I'm familiar with Lytton Strachey's Eminent Victorians, and when I read it I liked it because it was so rude and cutting about characters who were regarded as saints by the Victorians. The authors of this book have got into the same spirit in their account of the men who grace the City pages of the national newspapers. They tell the story with a sense of humour - chapter titles like 'The Euthanasia of Captain Mainwaring' and a stylish turn of phrase, 'Being the British Government, trained in the art of taking no action for decades at a time...'
Having been to a public school, I always thought the East India Company was something rather wonderful. But the truth is rather horrible. Having been to Oxford, organisations like BP, BZW and the BBC, were the proper destinations for the young elite, but again the truth is that their size makes them appear to be something they're not.

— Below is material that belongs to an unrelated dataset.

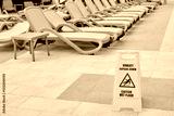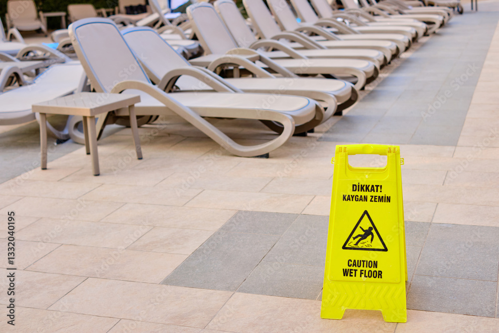 Vibrant caution sign positioned on sunlit pool deck, emphasizing safety precautions in relaxing vacation environment with neatly arranged loungers
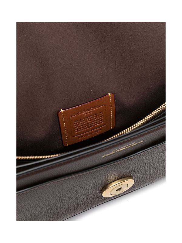 Fold over top with magnetic fastening, pebbled texture, single detachable top handle, adjustable detachable shoulder strap, logo plaque, slip pocket to the rear, partitioned compartment, internal zip-fastening pocket, internal patch pocket.

Simms and Boyle demolish corporate pretentions with gossipy asides and irreverent details. Cyril Connolly said of Eminent Victorians, it was a guilty pleasure, you kept wanting to creep back and read some more, like a child helping himself to forbidden spoonfuls of jam. This book is just like that, and more, because it ends up with an impassioned anti-corporate treatise arguing for human-scale organisations, which give employees a say. Human beings crave meaning as well as money, and 'history' is very important in the creation of purposeful businesses.
The catastrophe of the First World War was Strachey's motivation, the meltdown of 2008 has provided the authors with the material to demolish widely-accepted myths. I hope the BBC encourages the authors to make a documentary of the book! But I shan't hold my breath.